_REQUIRED WORK_
Everything from the line with "The following items" to the line with "圖為覃春獲得西藏自治區(qū)勞動模范獎(jiǎng)?wù)隆?/p>" in the listing below, both lines included, needs to be copied exactly, apart from the pictures.

_DATA FOR REVIEW_

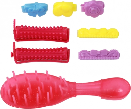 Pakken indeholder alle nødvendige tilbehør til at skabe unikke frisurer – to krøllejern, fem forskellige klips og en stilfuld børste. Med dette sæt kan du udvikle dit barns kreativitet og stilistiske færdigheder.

--

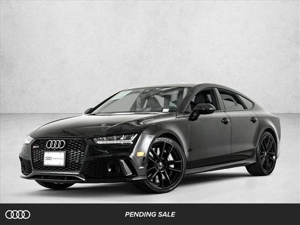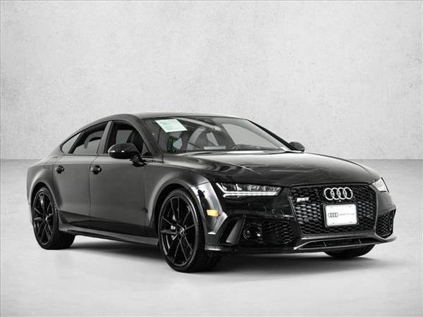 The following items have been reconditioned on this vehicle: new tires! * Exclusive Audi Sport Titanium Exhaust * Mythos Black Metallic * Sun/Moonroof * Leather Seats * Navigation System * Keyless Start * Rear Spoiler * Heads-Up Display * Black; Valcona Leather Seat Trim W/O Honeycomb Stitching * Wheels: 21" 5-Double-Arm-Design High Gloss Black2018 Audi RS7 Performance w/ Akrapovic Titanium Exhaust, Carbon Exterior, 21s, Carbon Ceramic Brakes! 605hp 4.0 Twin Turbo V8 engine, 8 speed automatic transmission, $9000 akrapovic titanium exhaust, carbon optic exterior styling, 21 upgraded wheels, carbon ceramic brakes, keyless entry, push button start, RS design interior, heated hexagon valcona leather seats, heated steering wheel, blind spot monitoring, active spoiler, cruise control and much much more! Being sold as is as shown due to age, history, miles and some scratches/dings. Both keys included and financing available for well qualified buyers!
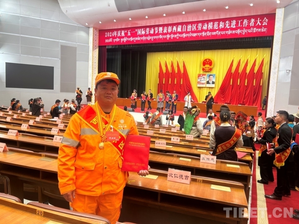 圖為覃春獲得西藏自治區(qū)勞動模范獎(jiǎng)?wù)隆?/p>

_SOLUTION BELOW_
 The following items have been reconditioned on this vehicle: new tires! * Exclusive Audi Sport Titanium Exhaust * Mythos Black Metallic * Sun/Moonroof * Leather Seats * Navigation System * Keyless Start * Rear Spoiler * Heads-Up Display * Black; Valcona Leather Seat Trim W/O Honeycomb Stitching * Wheels: 21" 5-Double-Arm-Design High Gloss Black2018 Audi RS7 Performance w/ Akrapovic Titanium Exhaust, Carbon Exterior, 21s, Carbon Ceramic Brakes! 605hp 4.0 Twin Turbo V8 engine, 8 speed automatic transmission, $9000 akrapovic titanium exhaust, carbon optic exterior styling, 21 upgraded wheels, carbon ceramic brakes, keyless entry, push button start, RS design interior, heated hexagon valcona leather seats, heated steering wheel, blind spot monitoring, active spoiler, cruise control and much much more! Being sold as is as shown due to age, history, miles and some scratches/dings. Both keys included and financing available for well qualified buyers!
 圖為覃春獲得西藏自治區(qū)勞動模范獎(jiǎng)?wù)隆?/p>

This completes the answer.